On the second day, God created the Honda step-through. He enjoyed the wind in His hair (He hadn't created helmets then), and it was fun to ride and used bugger all fuel, but it still crawled up the hills.
So on the third day, God created the Honda Four, and it flew up the hills. With four-into-ones, it sounded okay, it never broke down, but the corners remained a problem. Yet he had tasted power, and craved for more.
Thus on the fourth day, He added two more cylinders and so created adrenalin. His insurance premium doubled and it cost a fortune to service. He also created fear (His hair turned white) and the cliche "Enough is enough".
On the fifth day, God blew a couple of joints with Willie G and created the Harley-Davidson. He'd cruise the hills in top gear and pick up heaps of babes. He got off on the note. But it was too heavy, broke down a lot and handled like the Kingswood.
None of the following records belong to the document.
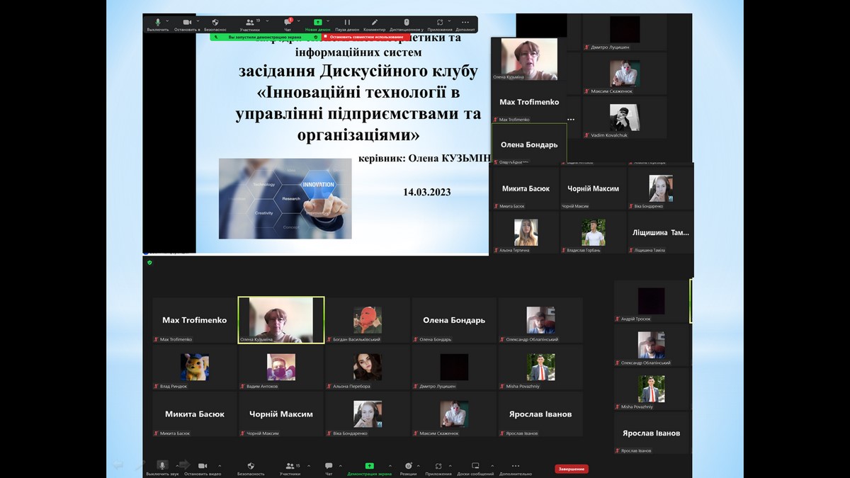 14 березня 2023 року на факультеті економіки, менеджменту та права відбулось відкрите засідання дискусійного клубу «Інноваційні технології в управлінні підприємствами та організаціями» кафедри економічної кібернетики та інформаційних систем, керівник – Кузьміна Олена. У засіданні взяли участь здобувачі освітніх програм «Інформаційні технології у бізнесі» та «Економічна кібернетика». Тема засідання дискусійного клубу «Сучасні технології ефективного управління інформаційно-комунікаційною системою підприємств та організацій». З доповідями виступили: Антохов Вадим (гр. ІСТ-21дс), Бойко Роман (гр. ІСТ-11дс), Бондар Олена (гр. ІСТ-41д), Горбань Владислав (гр. ІСТ-41д), Котов Віталій (гр. ІСТ-31д), Облапінський Олександр (гр. ІСТ-41д), Риндюк Владислав (гр. ІСТ-21дс), Тертична Альона (гр. ІСТ-41д).
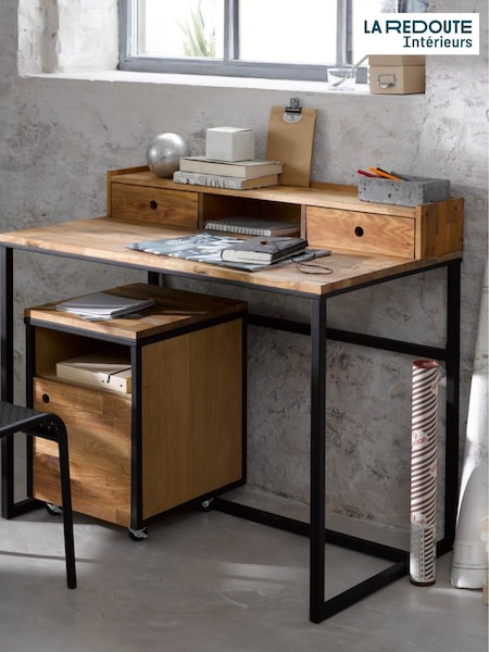 La Redoute Intérieurs Oak Black Hiba Industrial Desk Unit on Wheels
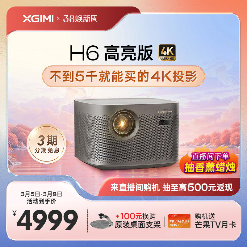 【高亮4K爆款】极米H6 高亮定焦版投影仪4K家用超高清高亮度智能投影机卧室客厅娱乐大屏家庭影院低蓝光护眼

Then on the sixth day, He made the Bonneville. It still attracted the girls and it sounded good, too. This bike was light and for the first time, corners were fun. It handled! God was stoked. But the vibration pained His arse, it wanted for power and He ran out of petrol every 100 miles. He wasn't happy, but shit he was close.
So finally, on the seventh day, God produced a motorcycle with the speed of the Honda, the torque of the Harley and the handling of the Triumph. He could afford the fuel, tune it himself, pick up chicks and still blow off Ducatis through the corners.
He called his bike, "Rooney Special", and He was happy.
Does it get any better? I think, just a little.
Chris.
17th October 2008.
ps. One operation turned into two. Six weeks on crutches turned into four months. Three months off the bike turned into six months. Eight months off work, thank Christ for Sydney Ferries.